Goert Symons
van Paerle, schepen <1588-1598
Geurd Simons, pachter op de boerderij
Paerlo, zal wel goed bij kas gezeten hebben. In augustus 1600 liet de
edele en erentfester Wilhelm van Frimesum optekenen, dat hij
de 108 daalders die zijn zoon Aret nog schuldig was aan (wijlen) Goerdt
Simons als zijn eigen schuld had overgenomen. Hij beloofde het geld
spoedig aan diens zoon Johan Simons in drie termijnen te restitueren,
met de Heuftsgriend als onderpand.
Jan Sijmons,
schepen 1592
Jaren later blijkt voornoemde lening tegen alle beloftes in nog niet
te zijn afgelost.

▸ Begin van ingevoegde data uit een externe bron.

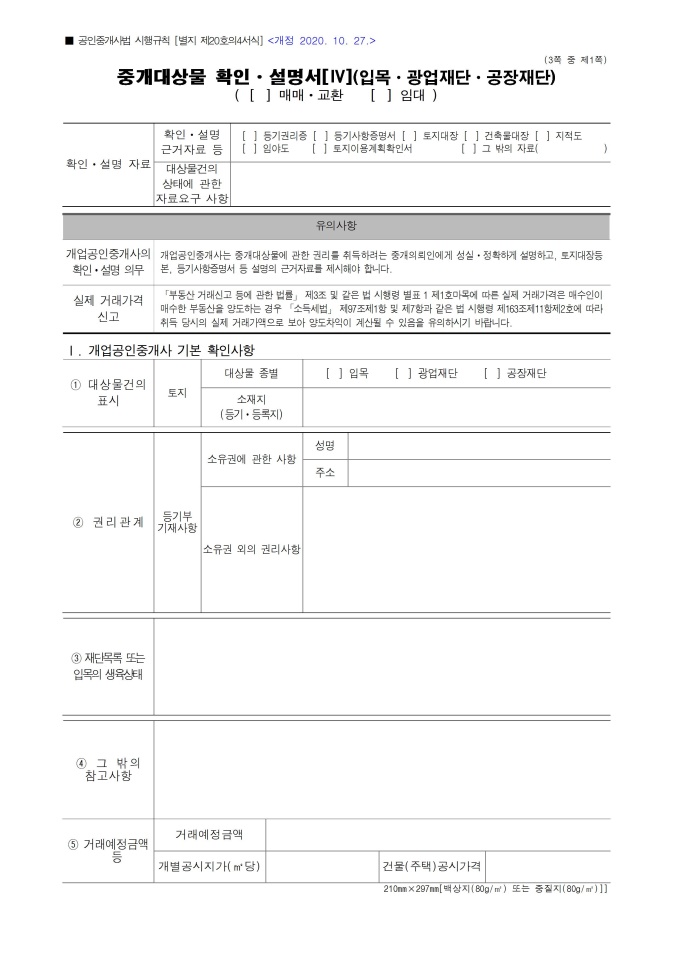 9,000원/월중개대상물 확인ㆍ설명서[Ⅳ](입목ㆍ광업재단ㆍ공장재단)(매매ㆍ교환, 임대) 서식입니다. 공인중개사법 시행규칙 [별지 제20호의4서식] <개정 2020. 10. 27>

In 1626 toonde Jan Simons de zegelbrief aan de schepenbank,
betreffende de schuld van 108 daalders, ten last van de erfgenamen van
Arnolt van Frimersum. Daar was ondertussen een nieuwe lening van 111
gulden bijgekomen. Verzoek om beslag te mogen leggen op genoemde griend.
Later dat jaar wordt namens Jan Simons
verzocht om ook beslag te mogen leggen op de Lysen-kamp
wegens een schuld van 100 daalders, plus achterstallige rente. Na de
gebruikelijke kerkeroepen gedurende de tijd van 6 weken en 3 dagen,
is Jan Simons in het bezit van genoemde kamp gekomen.
NB. Jan Sijmons werd in februari 1592
eenmalig genoemd -samen met Jaeck Boden- als schepenen (pretori).